**Recorded information**

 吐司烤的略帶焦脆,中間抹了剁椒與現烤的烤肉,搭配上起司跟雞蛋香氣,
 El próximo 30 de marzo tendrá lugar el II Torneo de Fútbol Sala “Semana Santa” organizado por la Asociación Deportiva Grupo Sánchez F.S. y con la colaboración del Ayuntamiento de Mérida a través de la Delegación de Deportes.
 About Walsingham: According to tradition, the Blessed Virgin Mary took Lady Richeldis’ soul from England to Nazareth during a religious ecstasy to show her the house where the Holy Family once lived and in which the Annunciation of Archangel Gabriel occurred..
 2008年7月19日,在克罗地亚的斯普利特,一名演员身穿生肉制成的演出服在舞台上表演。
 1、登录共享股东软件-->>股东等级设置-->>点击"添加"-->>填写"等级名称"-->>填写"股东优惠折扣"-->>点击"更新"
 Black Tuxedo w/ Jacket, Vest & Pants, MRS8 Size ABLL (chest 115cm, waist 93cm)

--

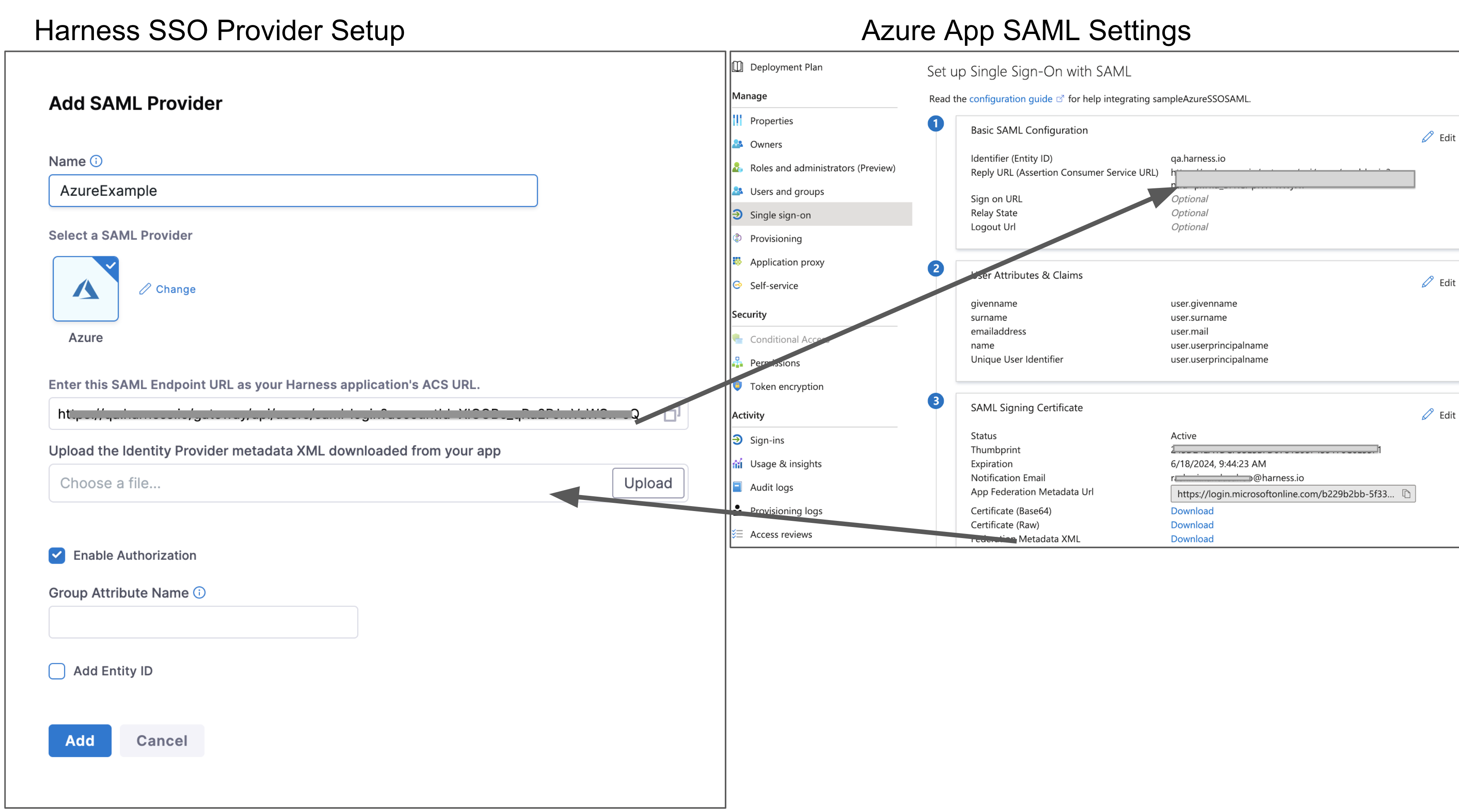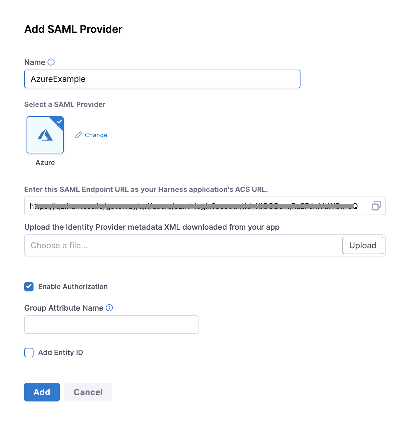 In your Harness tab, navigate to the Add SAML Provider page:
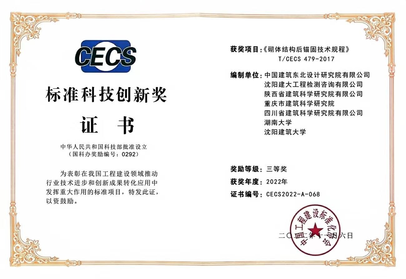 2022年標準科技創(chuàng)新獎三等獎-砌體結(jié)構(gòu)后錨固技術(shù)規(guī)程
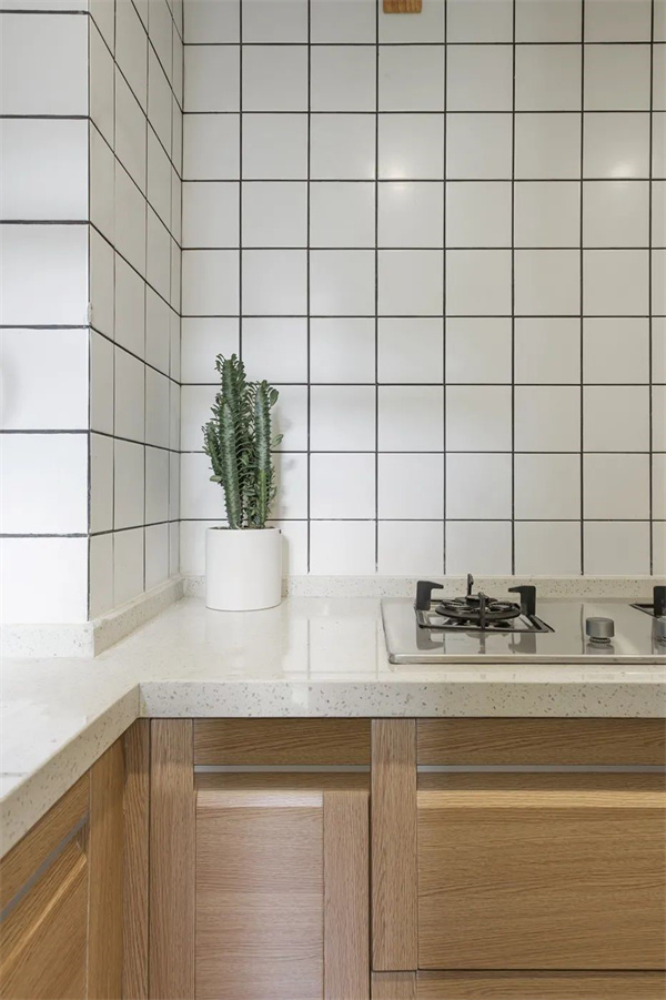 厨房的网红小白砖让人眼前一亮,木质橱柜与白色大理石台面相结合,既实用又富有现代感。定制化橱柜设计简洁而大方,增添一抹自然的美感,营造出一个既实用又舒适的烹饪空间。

**What to work on**
The entries above hold a line with "About Walsingham: According" and a later line with "Black Tuxedo w/". Write out exactly those lines and all lines between, nothing more.

**Worked solution**
 About Walsingham: According to tradition, the Blessed Virgin Mary took Lady Richeldis’ soul from England to Nazareth during a religious ecstasy to show her the house where the Holy Family once lived and in which the Annunciation of Archangel Gabriel occurred..
 2008年7月19日,在克罗地亚的斯普利特,一名演员身穿生肉制成的演出服在舞台上表演。
 1、登录共享股东软件-->>股东等级设置-->>点击"添加"-->>填写"等级名称"-->>填写"股东优惠折扣"-->>点击"更新"
 Black Tuxedo w/ Jacket, Vest & Pants, MRS8 Size ABLL (chest 115cm, waist 93cm)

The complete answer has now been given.